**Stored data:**
################

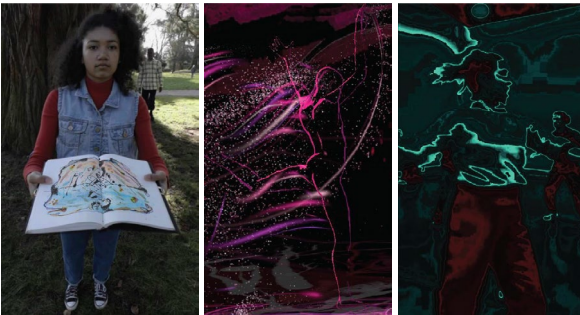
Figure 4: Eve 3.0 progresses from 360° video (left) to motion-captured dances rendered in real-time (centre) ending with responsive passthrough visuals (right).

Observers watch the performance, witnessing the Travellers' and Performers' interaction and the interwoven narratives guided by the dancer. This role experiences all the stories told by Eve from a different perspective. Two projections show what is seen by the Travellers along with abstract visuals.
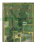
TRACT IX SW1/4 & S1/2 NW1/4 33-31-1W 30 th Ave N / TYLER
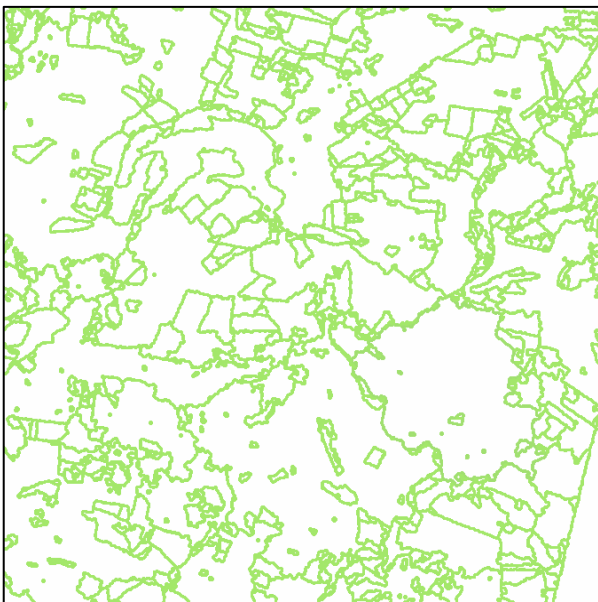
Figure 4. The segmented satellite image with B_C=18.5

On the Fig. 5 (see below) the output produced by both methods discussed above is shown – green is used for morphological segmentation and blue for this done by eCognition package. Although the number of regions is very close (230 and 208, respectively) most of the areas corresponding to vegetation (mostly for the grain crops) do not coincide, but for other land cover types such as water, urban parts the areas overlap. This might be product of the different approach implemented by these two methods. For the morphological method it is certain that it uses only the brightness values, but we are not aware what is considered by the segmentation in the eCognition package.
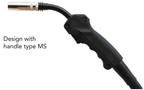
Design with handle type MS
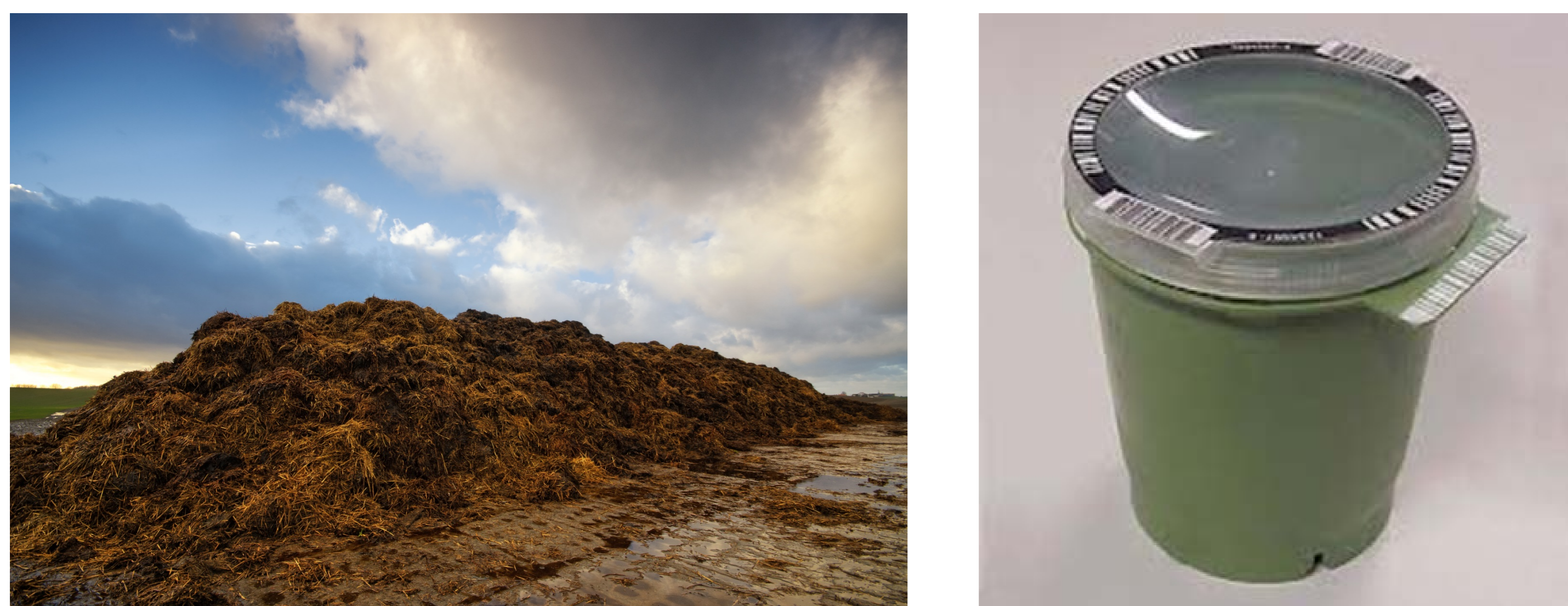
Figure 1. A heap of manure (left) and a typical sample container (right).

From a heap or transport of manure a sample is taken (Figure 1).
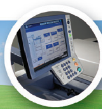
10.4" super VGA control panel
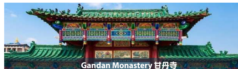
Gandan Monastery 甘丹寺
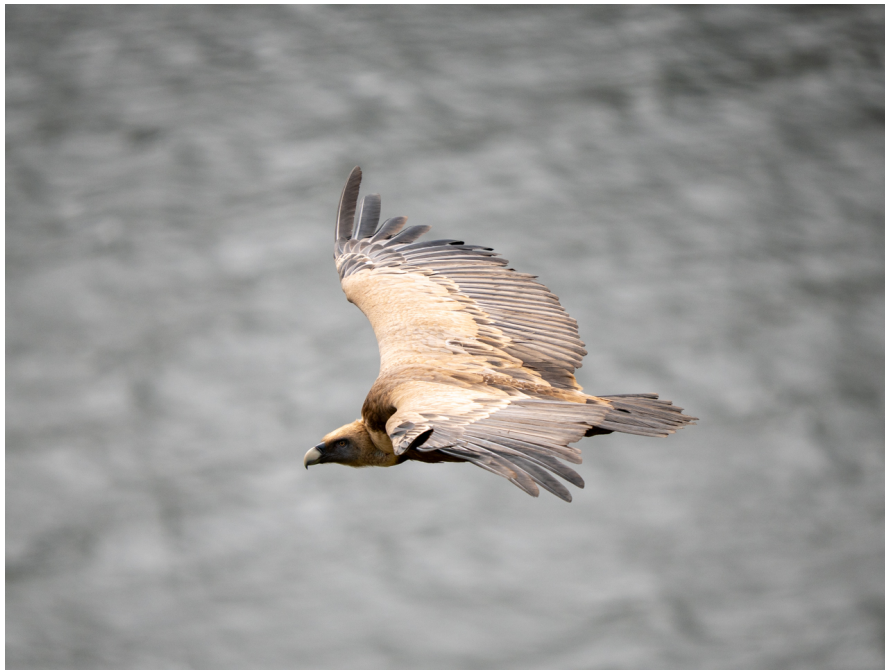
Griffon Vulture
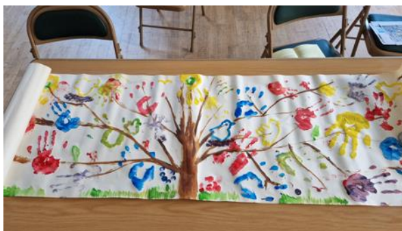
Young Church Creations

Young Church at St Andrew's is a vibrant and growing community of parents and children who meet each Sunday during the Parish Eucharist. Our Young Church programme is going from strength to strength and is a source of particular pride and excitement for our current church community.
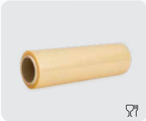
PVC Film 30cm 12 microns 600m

################

**TASK STATEMENT:**
Write out the records above exactly. Begin with the first line, end with the line holding "VGA control panel", and drop the pictures.

**RESULT BELOW:**
Figure 4: Eve 3.0 progresses from 360° video (left) to motion-captured dances rendered in real-time (centre) ending with responsive passthrough visuals (right).

Observers watch the performance, witnessing the Travellers' and Performers' interaction and the interwoven narratives guided by the dancer. This role experiences all the stories told by Eve from a different perspective. Two projections show what is seen by the Travellers along with abstract visuals.
TRACT IX SW1/4 & S1/2 NW1/4 33-31-1W 30 th Ave N / TYLER
Figure 4. The segmented satellite image with B_C=18.5

On the Fig. 5 (see below) the output produced by both methods discussed above is shown – green is used for morphological segmentation and blue for this done by eCognition package. Although the number of regions is very close (230 and 208, respectively) most of the areas corresponding to vegetation (mostly for the grain crops) do not coincide, but for other land cover types such as water, urban parts the areas overlap. This might be product of the different approach implemented by these two methods. For the morphological method it is certain that it uses only the brightness values, but we are not aware what is considered by the segmentation in the eCognition package.
Design with handle type MS
Figure 1. A heap of manure (left) and a typical sample container (right).

From a heap or transport of manure a sample is taken (Figure 1).
10.4" super VGA control panel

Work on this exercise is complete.